Category Archives: James “Jimmy” Peters

British Captives Drank Champagne

The following two newspaper articles were provided by Vanda Jessopp, daughter of Stanley Thomas Dunn, a POW was interned with Jimmy Peters in Camp 59. (See “Stanley Thomas Dunn.”)

The Germans Got Merely Rice-Stew
Their British Captives Drank Champagne

After being held in an Italian camp for two years Private J. Peters, R.A.M.C. has arrived back at his Halchard-road (Upper Halloway) home after travelling through Turkey, Egypt and South Africa. He said to-day:

“The Germans made us work 17 hours a day for seven days a week in a working party in Tripoli, but as it was on a food dump we enjoyed it. When the Jerries were lining up for rice stew we were lying in the shade drinking sherry and champagne and eating 7 lb. tins of ham. It was nothing to eat a whole tin of pears at a time.”

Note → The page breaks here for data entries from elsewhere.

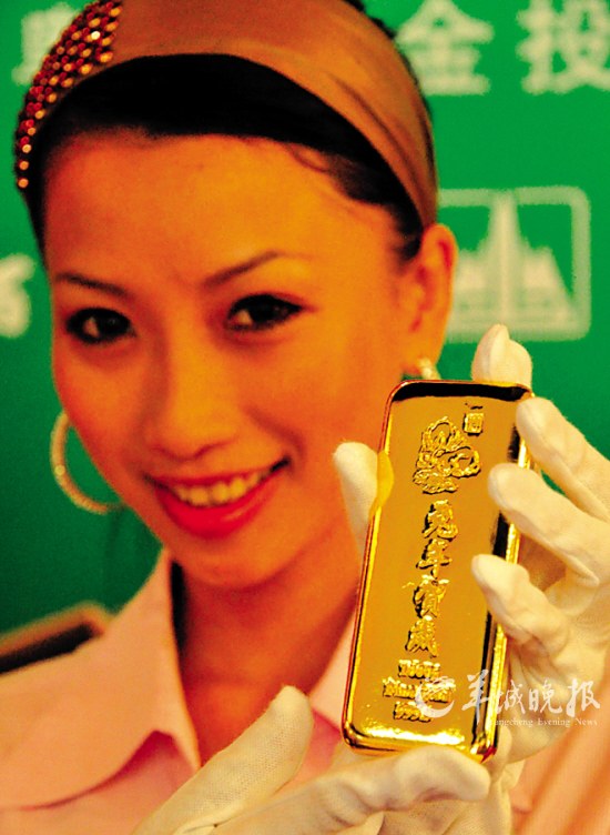 適逢黃金大漲,賀歲金條也趁機(jī)推出。昨日,中國金幣總公司限量發(fā)行2011(辛卯)兔年賀歲金條在東百和廣百等百貨公司發(fā)行。據(jù)了解,本次發(fā)行的兔年賀歲金條有1000克、500克、200克、100克、50克共5個規(guī)格,發(fā)行總重量為3980公斤。廣州市場的份額為100公斤,其中東百25公斤,廣州永正紀(jì)念幣有限公司聯(lián)合金鉆隨緣30公斤。
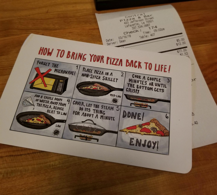 У піцерії до кожного замовлення з собою дають інструкцію, яка допоможе правильно розігріти піцу і не зіпсувати її смак будинку
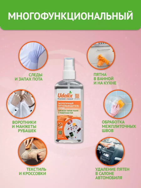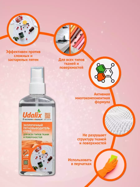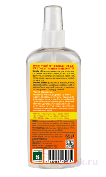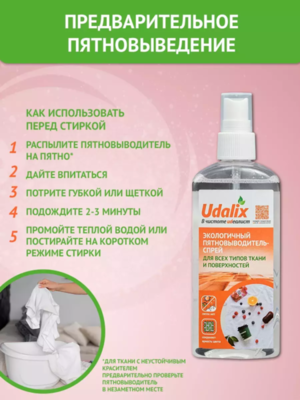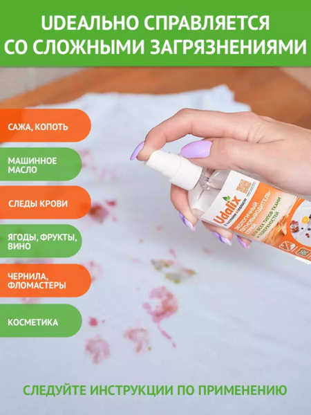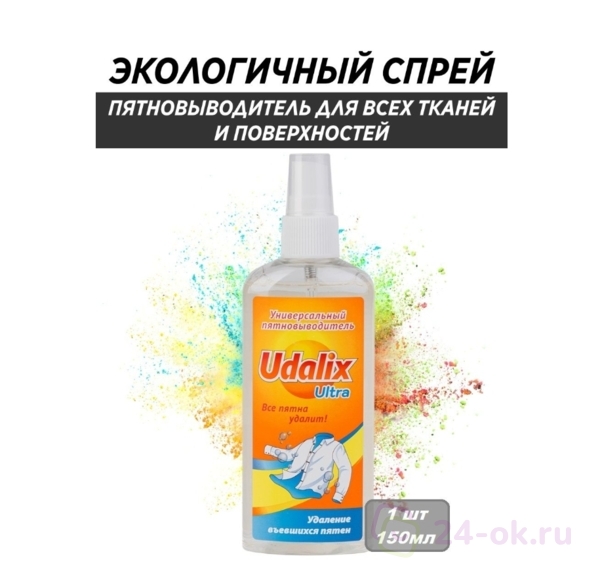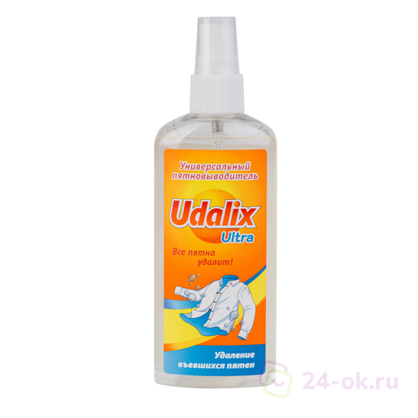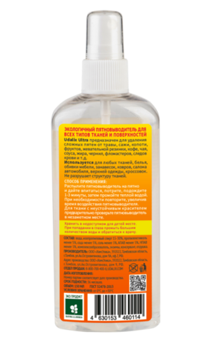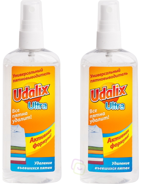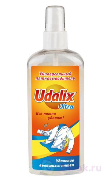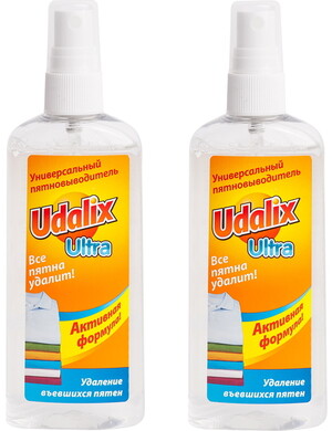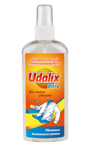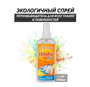 Пятновыводитель Udalix "Ultra", 150 мл - пятновыводитель для удаления сложных пятен с любых тканей и поверхностей. Предназначен для удаления пятен от травы, фруктов, кофе, чая, соуса, сажи, жира, копоти, жевательной резинки, фломастеров, чернил, следов крови и т. д. Используется для любых видов тканей, белья, занавесок, обивки мебели, кроссовок, салона автомобиля, верхней одежды, ковров. Не изменяет и не разрушает структуру ткани. Способ применения: Для ткани с неустойчивым красителем предварительно проверьте пятновыводитель в незаметном месте. Распылите пятновыводитель на пятно и дайте впитаться, подождите 1-3 мин. При въевшихся и сложных пятнах рекомендуется слегка потереть, затем промыть теплой водой. При необходимости повторите, увеличив время воздействия пятновыводителя.

He is to marry Miss Joan Lines, Falkland-road, Honsey.

Caption for two photos:
Pte. James Peters and Miss Joan Lines.

They Want Polish

“Razor blades and good boot polish are what British war prisoners want most,” Private Jimmy Peters told a Hornsey British Legion meeting. Recently repatriated, he was in eight camps in Italy and Germany.

Stanley Thomas Dunn

At left, Stanley Thomas Dunn, 5th Battalion Royal Tank Regiment; at right, James (Jimmy) Peters, Royal Army Medical Corps. Photo taken in Camp 59, Servigliano.

My friend Anne Copley met Vanda Jessopp and her husband Peter last November at the 2017 Fontanellato–Monte San Martino Trust Luncheon in London. They have since exchanged information about Vanda’s father, Stanley Dunn, that they are allowing me to share here.

Stanley Thomas Dunn (Trooper 7908395, 5th Battalion, Royal Tank Regiment), was captured in North Africa on April 8, 1941.

He was born November 6, 1919. He died February 22, 2003.

Here is the apparent chronology of his internments:

From Africa, Stanley was transported to Sicily (where the POWs built a road). From Sicily he was sent to Servigliano (P.G. 59), then Fontanellato (P.G. 49), and finally Sforzesca (P.G. 146/18). He escaped from Sforzesca and in time was able to make his way to Switzerland, where he lived in Camp d’Eoades in Arosa, Switzerland, until his repatriation.

It’s somewhat of a mystery why Stanley would have been sent from Servigliano, which was an “other ranks” camp to Fontanellato, which was an officers’ camp before being transferred to Sforzesca.

After his escape in Italy, Stanley was helped by Eric Newby’s wife-to-be Wanda Skof.

British travel writer Eric Newby, who during the Second World War served in the Black Watch and Special Boat Section, was captured in August 1942. He escaped from Fontanellato POW camp after the Italian Armistice and was befriended by Wanda Skof, a Slovenian woman living with her family nearby. Eric married Wanda after the war.